- _PROVIDED MATERIAL_:
--------------------------------
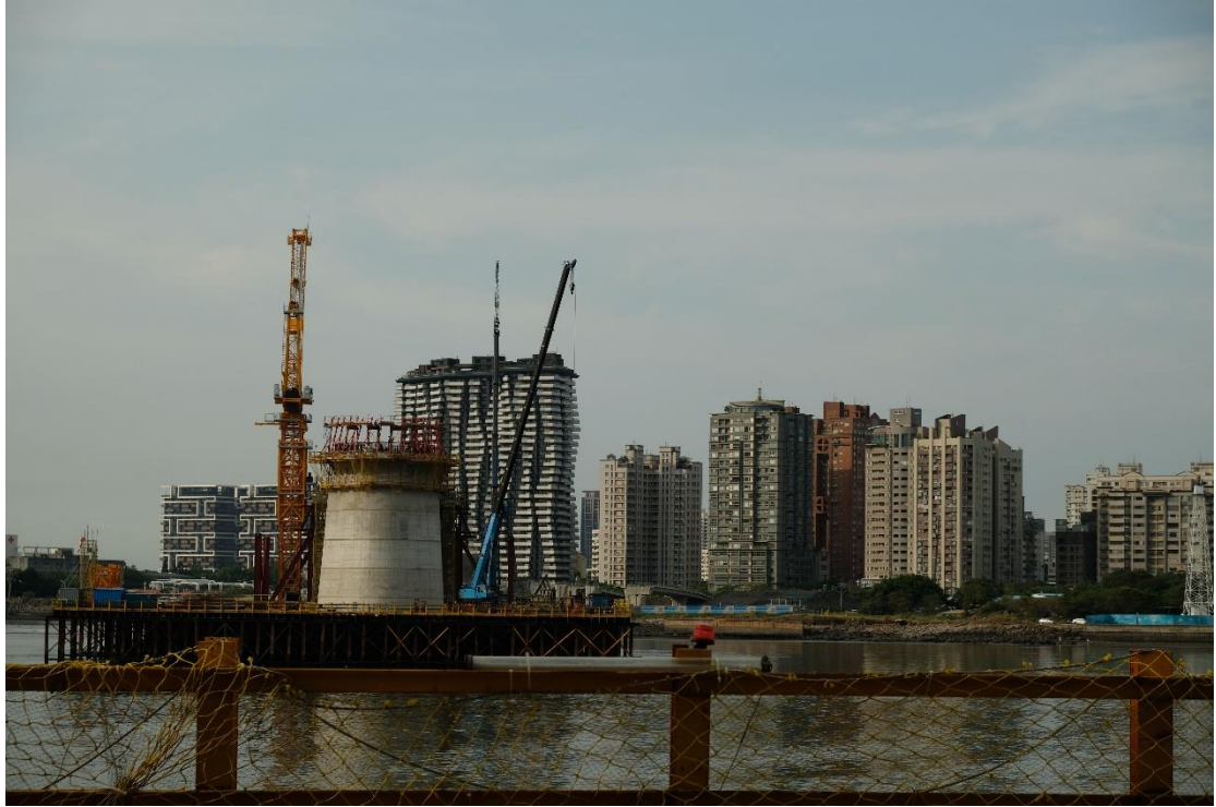
圖二 青年運輸營:淡江大橋工程參訪
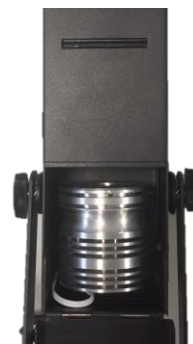
Projecteur avec bloc LED

Lorsque l'opération de conversion a été effectuée, le client a ensuite la possibilité de changer par lui-même, sans outillage et avec une grande facilité, le bloc LED pour modifier la couleur d'éclairage selon ses besoins artistiques.
--------------------------------
- _DESCRIPTION OF THE TASK_:
Display every line of the listing that contains the string "bloc".

- _TASK SOLUTION_:
Projecteur avec bloc LED
Lorsque l'opération de conversion a été effectuée, le client a ensuite la possibilité de changer par lui-même, sans outillage et avec une grande facilité, le bloc LED pour modifier la couleur d'éclairage selon ses besoins artistiques.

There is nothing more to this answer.